Skip to main content

Software Development Engineer, GenAI/ML GPU Orchestration Service, Alloy Greenland

Job ID: 2797882 | Amazon.com Services LLC

DESCRIPTION

GenAI is revolutionizing every industry in the world, yet we are still at the very beginning. As the appetite for GenAI continue to grow exponentially, the demand for GPU instances grows exponentially with that resulting in a biggest problem on our generation - how do we get more GPU capacity? In order to solve it as an industry we need to (1) tackle both the production scale of GPUs, and (2) optimize usage of existing scarce GPU resources to do more with less.

The second bucket is where our team comes in the picture. Large cloud providers are spending billions already on GPU resources and resources are distributed in a Silo fashion to teams where they are unable to utilize the resources to its fullest extent, whether due to peak/off-peak seasonality or workloads completely sooner than expected during vacation. As we looked at the data and saw 15-30% idle capacity across GPU allocation, this then presented a huge opportunity for us to tackle.

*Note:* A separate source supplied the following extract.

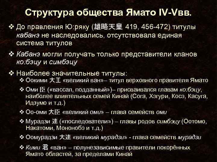 Структура общества Ямато IV-Vвв. v До правления Ю: ряку (雄略天皇 419, 456 -472) титулы кабанэ не наследовались, отсутствовала единая система титулов v Кабанэ могли получать только представители кланов ко: бэцу и симбэцу v Наиболее значительные титулы: v Оокими 大王 «великий ван» – титул верховного правителя Ямато v Оми 臣 ( «вассал, подданный» )– присваивался главам ко: бэцу, наиболее влиятельных семей Кинай (Сога, Хэгури, Косэ, Касуга, Идзумо и т. д. ) v Оо-оми 大臣 «великий оми» – глава семейств оми v Мурадзи 連 ( «последователи» ) – главы родов симбэцу (Оотомо, Накатоми, Мононобэ и т. д. ) v Оомурадзи 大連 «великий мурадзи» - глава семейств мурадзи v Кими 君 «ван» – полунезависимые правители покорённых Ямато областей, за пределами Кинай
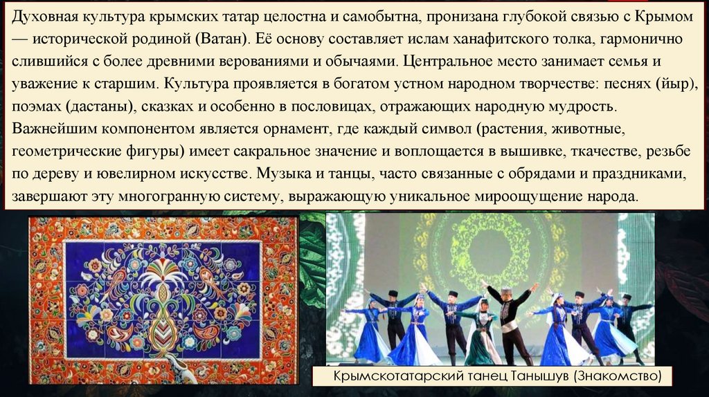 Духовная культура крымских татар целостна и самобытна, пронизана глубокой связью с Крымом— исторической родиной (Ватан). Её основу составляет ислам ханафитского толка, гармонично

As part the Alloy Greenland team, we are a new team started beginning of the year operating startup style with true Day1 spirit on a mission to accelerate AI/ML innovations of all teams across Amazon and as an extension with our partnership with AWS SageMaker to the rest of the world.

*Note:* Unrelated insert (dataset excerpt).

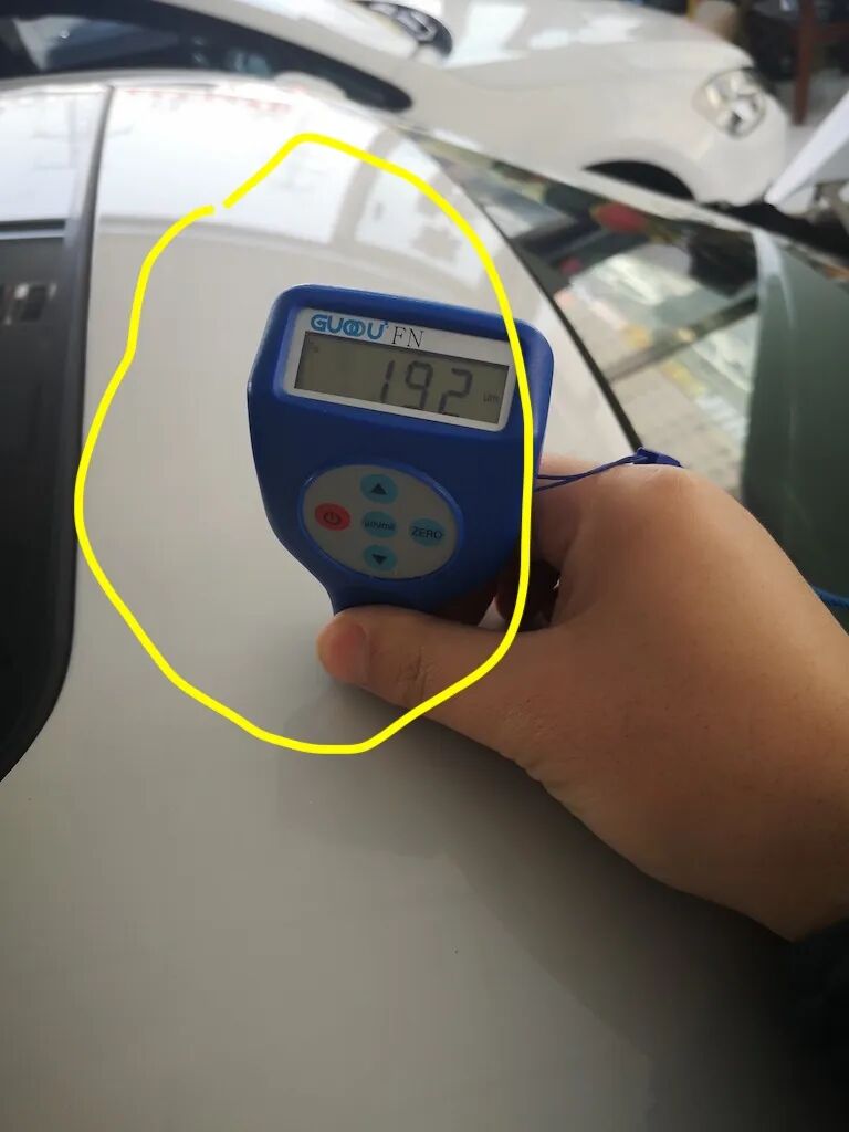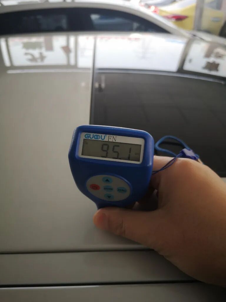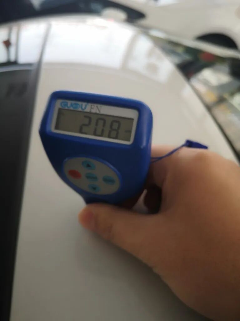 检测完,发现除了保险杠有补漆(塑料保险杠只能靠经验判断是否喷漆,漆面测厚仪就参考不了了),钣金的地方竟然在车顶,不过还好,就一小块且撞击的力度也不大,应该只是补了薄薄的一层腻子(正常这台车的原厂漆面厚度在100μm左右,那个钣金补漆的地方有200μm左右,也就说比原厂漆厚了0.1毫米),完全不影响使用安全,经我们推测应该是高空坠物所致。

If you love working backwards from customers, building 0-1, having exposure to senior leadership visibility, and ultimately making a dent in the world excites you, this is the right place for you!

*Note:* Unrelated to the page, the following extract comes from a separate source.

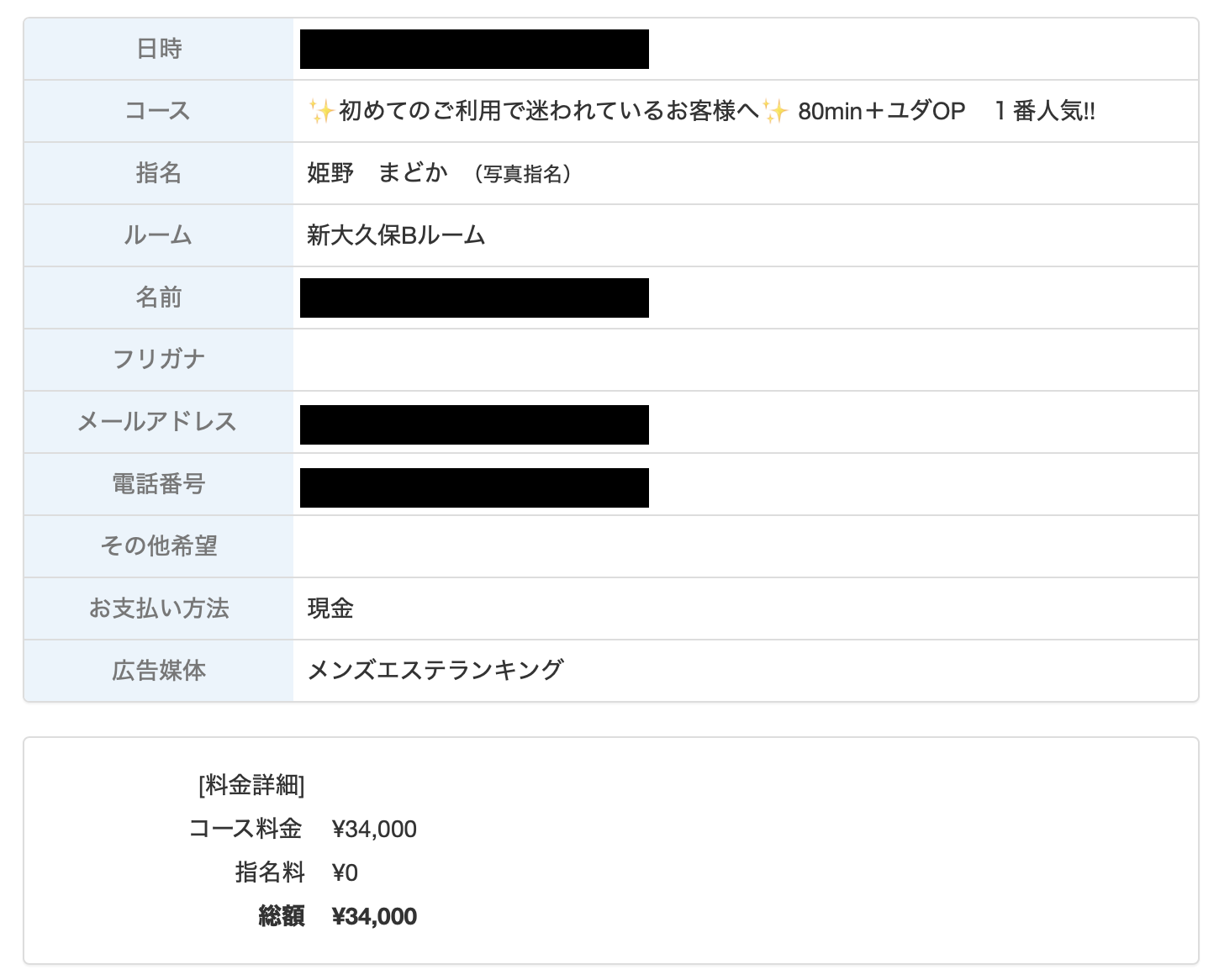 | 80分 【イエスOP不可】 | 14,000円 |

Alloy Greenland team is part of the Alloy organization which is the central efficiency org which drives cost savings for all service teams within Amazon via efficient use of AWS resources as they build and operate their services. This team is special in 3 ways (1) business impact - we have proven records to save cost by hundred million dollars annually. We have earned trust and reputation from service teams, partner teams (business and technical), and senior leadership (2) technical complexity - our system is not a single product but the whole Amazon. We create central efficiency solutions which save costs for thousands of internal services with minimal or zero efforts from their engineers; (3) professional network - we work with a group of Principal Engineers and Distinguished Engineers closely. Working with brilliant people helps you grow your career.


In this role, you will:

* Build 0-1 products and service that delight our customers
* Work closely with AL/ML customers across Amazon and innovate on their behalf
* Solve performance and efficiency problems that manifest at scale.
* Design metrics and measure performance and cost efficiency of services in Amazon's ecosystem.
* Collaborate with service teams to identify inefficiencies, and design and implement solutions.
* Design and develop highly available components and profiling tools.
* Lead and mentor a team of engineers.

BASIC QUALIFICATIONS

- 3+ years of non-internship professional software development experience
- 2+ years of non-internship design or architecture (design patterns, reliability and scaling) of new and existing systems experience
- Experience programming with at least one software programming language

PREFERRED QUALIFICATIONS

- 3+ years of full software development life cycle, including coding standards, code reviews, source control management, build processes, testing, and operations experience
- Bachelor's degree in computer science or equivalent

Amazon is committed to a diverse and inclusive workplace. Amazon is an equal opportunity employer and does not discriminate on the basis of race, national origin, gender, gender identity, sexual orientation, protected veteran status, disability, age, or other legally protected status.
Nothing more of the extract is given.